◆ **Data extracts**

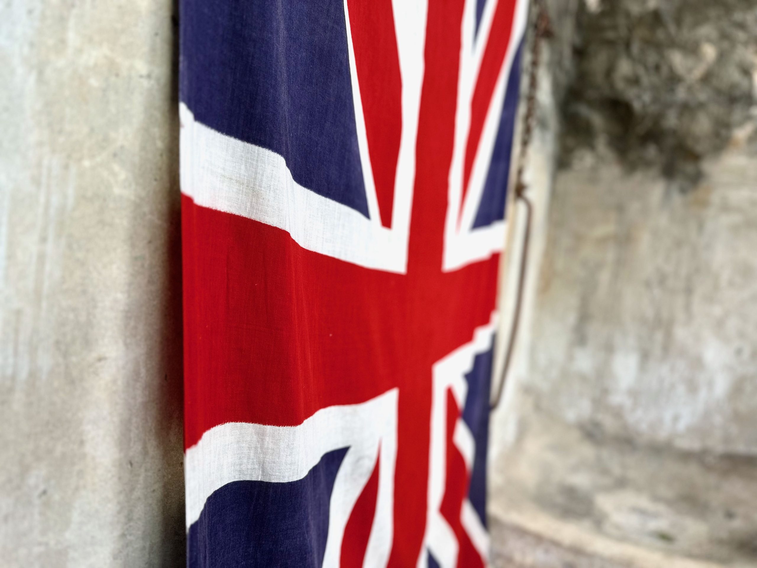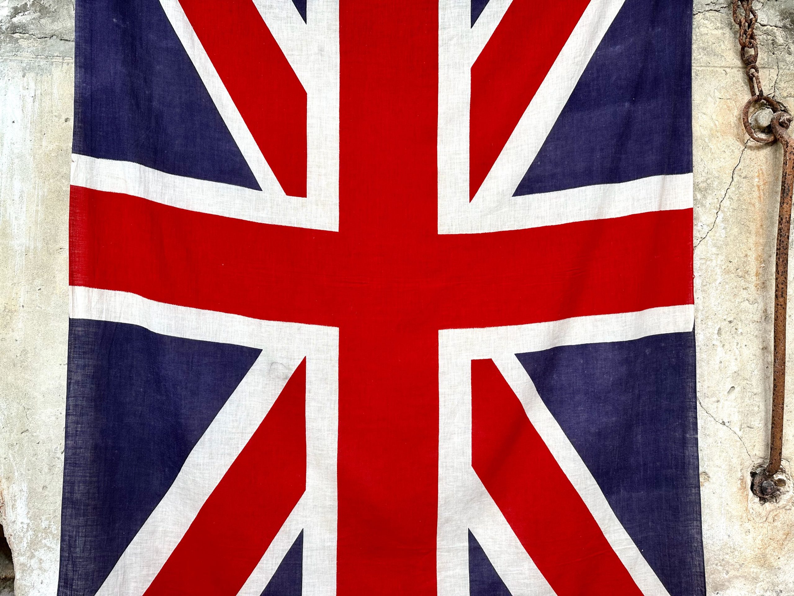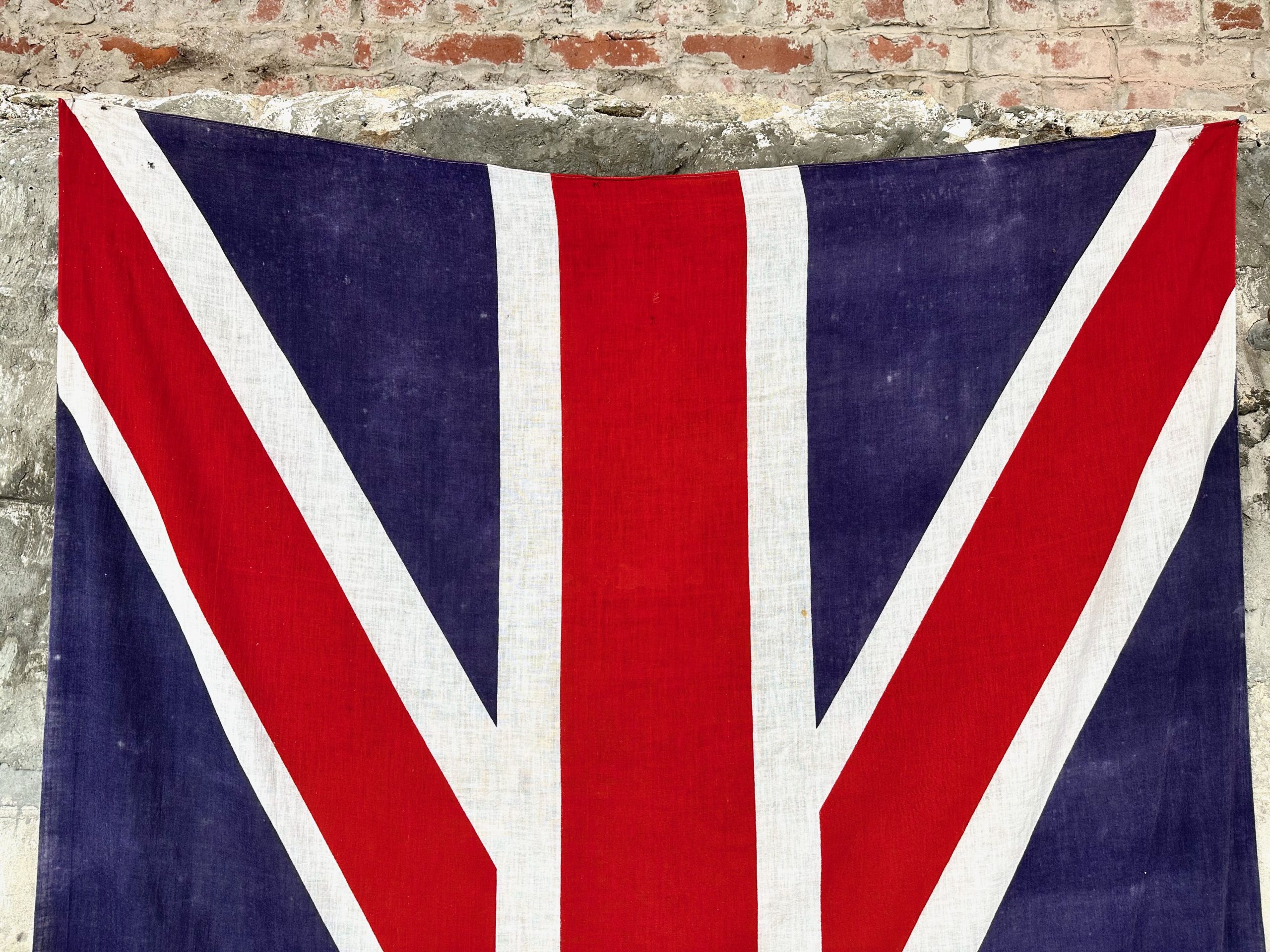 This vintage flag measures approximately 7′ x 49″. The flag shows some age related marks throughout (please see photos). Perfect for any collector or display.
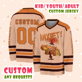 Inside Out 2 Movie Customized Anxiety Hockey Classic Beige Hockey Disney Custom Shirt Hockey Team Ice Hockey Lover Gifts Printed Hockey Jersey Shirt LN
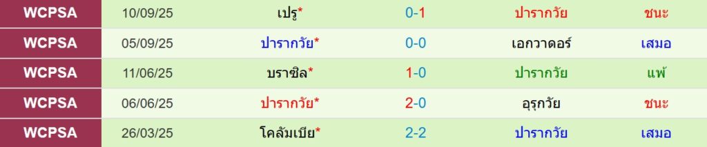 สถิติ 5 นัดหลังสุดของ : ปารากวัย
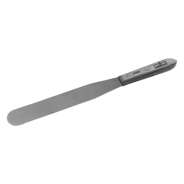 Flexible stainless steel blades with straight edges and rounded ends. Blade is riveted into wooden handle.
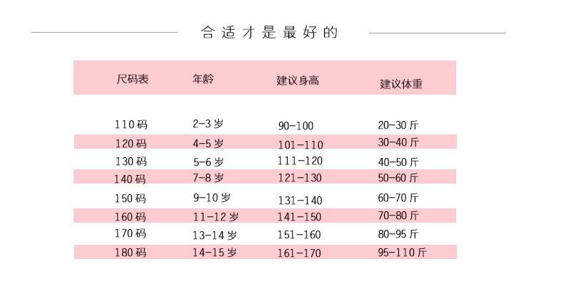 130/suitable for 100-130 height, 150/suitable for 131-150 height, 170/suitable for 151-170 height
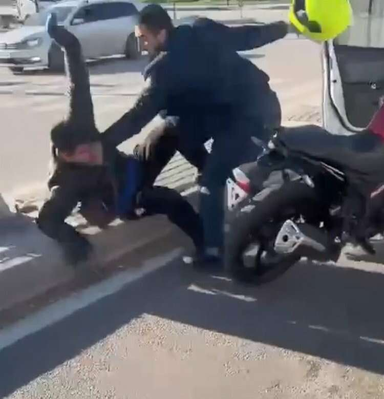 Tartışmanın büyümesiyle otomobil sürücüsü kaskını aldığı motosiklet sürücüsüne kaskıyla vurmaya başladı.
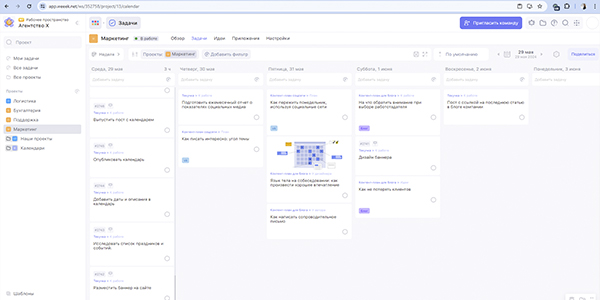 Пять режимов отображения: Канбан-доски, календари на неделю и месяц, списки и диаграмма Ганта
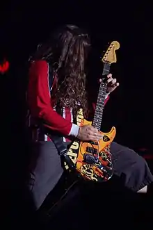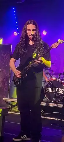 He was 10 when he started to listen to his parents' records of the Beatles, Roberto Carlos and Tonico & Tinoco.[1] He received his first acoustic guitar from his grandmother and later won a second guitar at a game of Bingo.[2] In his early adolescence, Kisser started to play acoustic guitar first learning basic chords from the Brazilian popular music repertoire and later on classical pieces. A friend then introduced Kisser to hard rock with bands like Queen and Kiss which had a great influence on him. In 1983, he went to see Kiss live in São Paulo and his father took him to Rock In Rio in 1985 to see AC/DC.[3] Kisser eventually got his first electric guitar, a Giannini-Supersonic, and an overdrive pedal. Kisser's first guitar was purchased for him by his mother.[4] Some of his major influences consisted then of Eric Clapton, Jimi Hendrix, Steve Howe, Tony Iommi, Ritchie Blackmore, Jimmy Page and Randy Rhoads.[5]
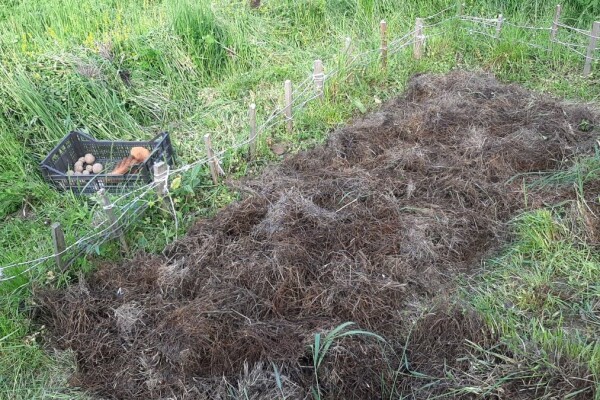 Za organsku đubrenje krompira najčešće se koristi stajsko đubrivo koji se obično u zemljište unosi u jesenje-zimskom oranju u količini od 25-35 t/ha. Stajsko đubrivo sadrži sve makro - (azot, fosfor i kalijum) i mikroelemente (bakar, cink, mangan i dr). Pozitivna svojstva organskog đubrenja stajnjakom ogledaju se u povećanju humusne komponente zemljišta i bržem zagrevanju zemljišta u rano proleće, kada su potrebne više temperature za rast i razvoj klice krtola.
---
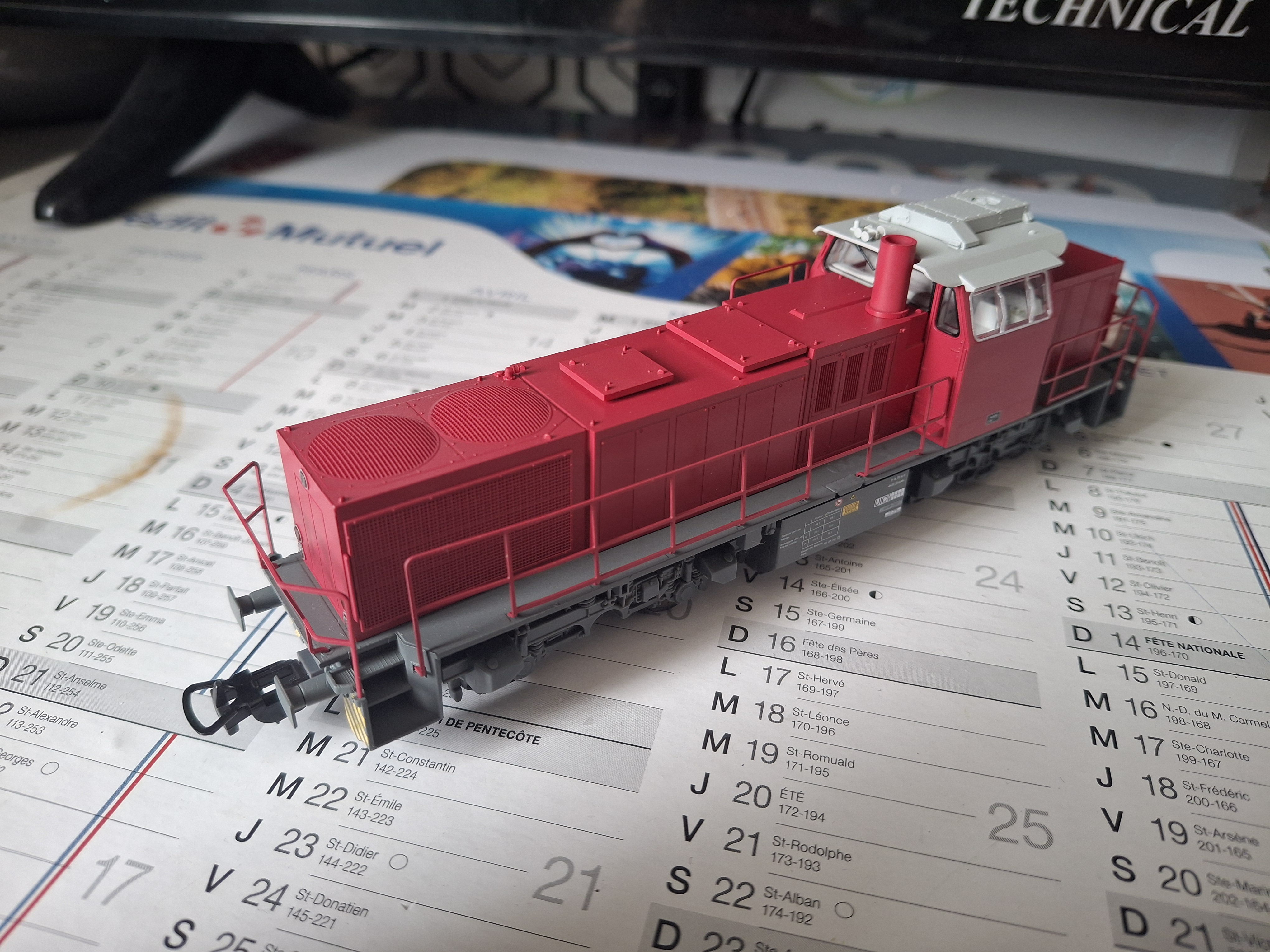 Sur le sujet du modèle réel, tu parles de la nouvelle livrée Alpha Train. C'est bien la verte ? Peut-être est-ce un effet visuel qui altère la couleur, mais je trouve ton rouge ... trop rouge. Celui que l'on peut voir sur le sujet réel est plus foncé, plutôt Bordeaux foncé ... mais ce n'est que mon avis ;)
==
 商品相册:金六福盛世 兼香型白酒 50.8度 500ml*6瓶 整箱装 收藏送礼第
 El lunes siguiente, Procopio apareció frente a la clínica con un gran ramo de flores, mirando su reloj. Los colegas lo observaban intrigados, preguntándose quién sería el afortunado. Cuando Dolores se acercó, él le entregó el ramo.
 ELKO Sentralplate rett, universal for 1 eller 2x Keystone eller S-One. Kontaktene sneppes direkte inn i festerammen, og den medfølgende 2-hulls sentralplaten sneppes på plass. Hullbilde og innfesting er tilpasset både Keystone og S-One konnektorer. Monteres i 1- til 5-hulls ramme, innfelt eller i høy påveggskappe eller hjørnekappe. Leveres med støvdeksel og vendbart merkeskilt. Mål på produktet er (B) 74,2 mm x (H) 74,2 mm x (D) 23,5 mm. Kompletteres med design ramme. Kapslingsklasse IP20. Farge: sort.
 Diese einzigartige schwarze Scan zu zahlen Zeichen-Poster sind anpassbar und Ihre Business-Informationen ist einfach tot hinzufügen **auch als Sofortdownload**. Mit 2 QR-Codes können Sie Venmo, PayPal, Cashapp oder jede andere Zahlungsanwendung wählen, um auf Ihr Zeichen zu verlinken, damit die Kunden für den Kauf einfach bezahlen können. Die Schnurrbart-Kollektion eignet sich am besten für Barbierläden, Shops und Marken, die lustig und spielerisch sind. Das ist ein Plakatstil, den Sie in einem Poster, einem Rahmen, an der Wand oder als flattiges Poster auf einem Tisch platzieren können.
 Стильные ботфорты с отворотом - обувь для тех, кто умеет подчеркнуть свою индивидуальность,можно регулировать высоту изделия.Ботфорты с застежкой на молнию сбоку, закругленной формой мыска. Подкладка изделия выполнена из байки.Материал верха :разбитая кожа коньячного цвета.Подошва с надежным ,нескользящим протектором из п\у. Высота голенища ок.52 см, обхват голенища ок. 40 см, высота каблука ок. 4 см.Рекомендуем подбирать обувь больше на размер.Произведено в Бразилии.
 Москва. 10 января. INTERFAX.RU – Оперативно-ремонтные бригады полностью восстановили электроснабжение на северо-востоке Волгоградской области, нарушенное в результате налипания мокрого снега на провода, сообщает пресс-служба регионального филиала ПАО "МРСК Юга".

◆ **Prompt**
Going by the data above, give back only the lines from the one containing "He was 10 when" through the one containing "Za organsku đubrenje", exactly as they stand, both ends included and no images.

◆ **Answer to the problem**
 He was 10 when he started to listen to his parents' records of the Beatles, Roberto Carlos and Tonico & Tinoco.[1] He received his first acoustic guitar from his grandmother and later won a second guitar at a game of Bingo.[2] In his early adolescence, Kisser started to play acoustic guitar first learning basic chords from the Brazilian popular music repertoire and later on classical pieces. A friend then introduced Kisser to hard rock with bands like Queen and Kiss which had a great influence on him. In 1983, he went to see Kiss live in São Paulo and his father took him to Rock In Rio in 1985 to see AC/DC.[3] Kisser eventually got his first electric guitar, a Giannini-Supersonic, and an overdrive pedal. Kisser's first guitar was purchased for him by his mother.[4] Some of his major influences consisted then of Eric Clapton, Jimi Hendrix, Steve Howe, Tony Iommi, Ritchie Blackmore, Jimmy Page and Randy Rhoads.[5]
 Za organsku đubrenje krompira najčešće se koristi stajsko đubrivo koji se obično u zemljište unosi u jesenje-zimskom oranju u količini od 25-35 t/ha. Stajsko đubrivo sadrži sve makro - (azot, fosfor i kalijum) i mikroelemente (bakar, cink, mangan i dr). Pozitivna svojstva organskog đubrenja stajnjakom ogledaju se u povećanju humusne komponente zemljišta i bržem zagrevanju zemljišta u rano proleće, kada su potrebne više temperature za rast i razvoj klice krtola.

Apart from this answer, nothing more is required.